With Bell the Dog acting as the ring bearer, Carolyn Kirk and Cameron Grischott get married at the Nevada Society for the Prevention of Cruelty to Animals, or SPCA, in Reno on May 24, 2018.

Rudolph said the Northern Nevada SPCA ran an engagement program about a year and a half ago. But this will be the first wedding ceremony at the shelter. The ceremony will take place in one of the play areas of the refuge near the kennels.

“We love this idea,” Rudolph said.

The ring bearer will be a 10 year old Labrador retriever mix named Babaloo. The goal is to allow people to view rescued animals in a different setting outside of a cage, Grischott said.

“We take the dogs out of the actual kennels,” he said. “We want people to realize that some of these dogs are the most loving dogs you will ever meet.”

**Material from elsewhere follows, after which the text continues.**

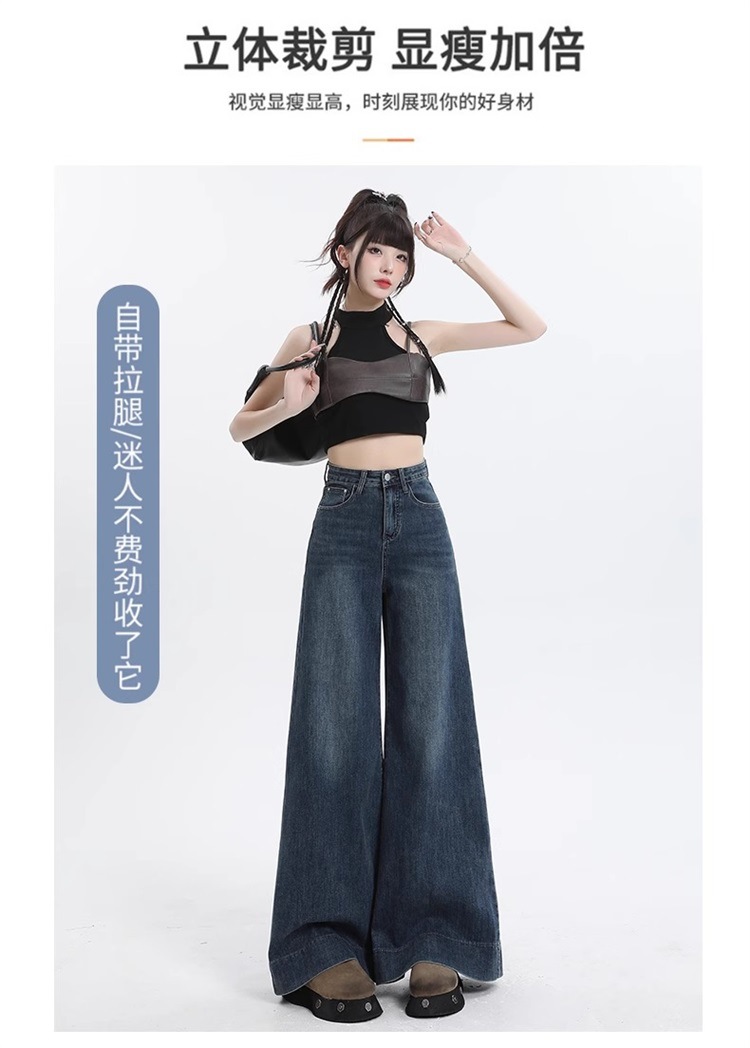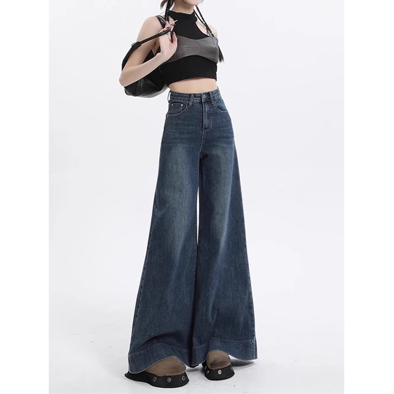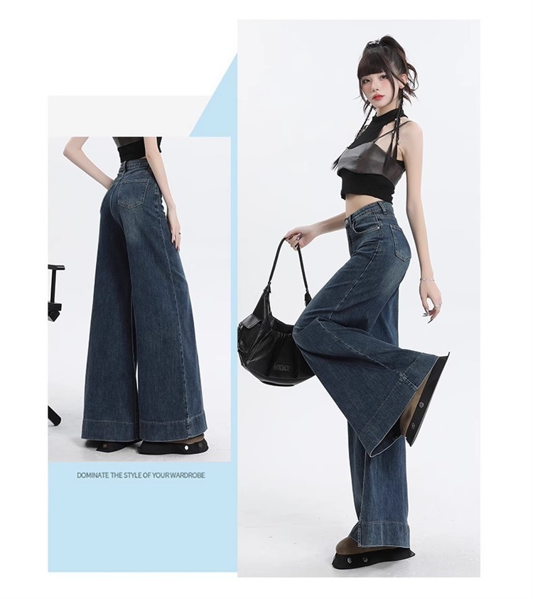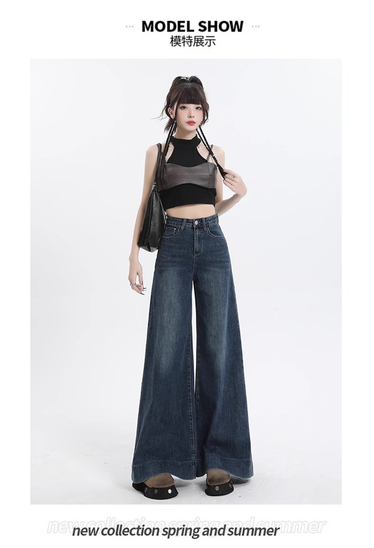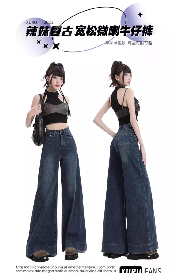 아메리칸 스타일 레트로 와이드 레그 청바지 여성 여름 유행 새로운 높은 허리 배 모양의 바디 슬리밍 트럼펫 바지스토어 가기
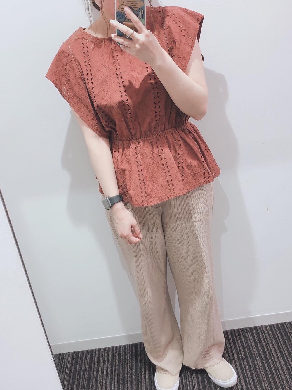 ふたわたりのシャツ/ブラウス「【2020春夏】コットン刺繍ブラウス」を使ったコーディネート

Kirk and Grischott said they plan to welcome dogs over the age of 11.

“I don’t like to see dogs in their last days sitting in a kennel waiting to leave,” Grischott said. “We want to give them a place to enjoy their last days.

“If we could afford to just take all the dogs out of the shelter and have them at home, we would. “

The couple built their own wedding arch and altar. They said they hope more people will volunteer or donate to a local pet shelter.

“People don’t realize that a few cans and peanut butter go a long way in a shelter,” Grischott said.

Kirk said more people should at least volunteer their time. She said spending time with the animals can help them get used to human interaction.

“Sitting with a dog and reading to him makes a difference,” she said. “Reading a manual aloud to a dog may not seem like much, but it helps the dog. They are so excited when the page turns. They put their noses in the book.

Kirk said she never imagined her wedding ceremony would take place at a pet shelter. She said she never even thought about marriage until she met Grischott.

“It’s not fancy,” Kirk said. “We don’t try to make it super chic. It’s just not who we are.

“Until I met Cameron, I thought I would end up being the Mad Lady of Dogs. Right after we started talking about getting married, that’s when I started being there. think, I’m not going to do with it what I don’t want.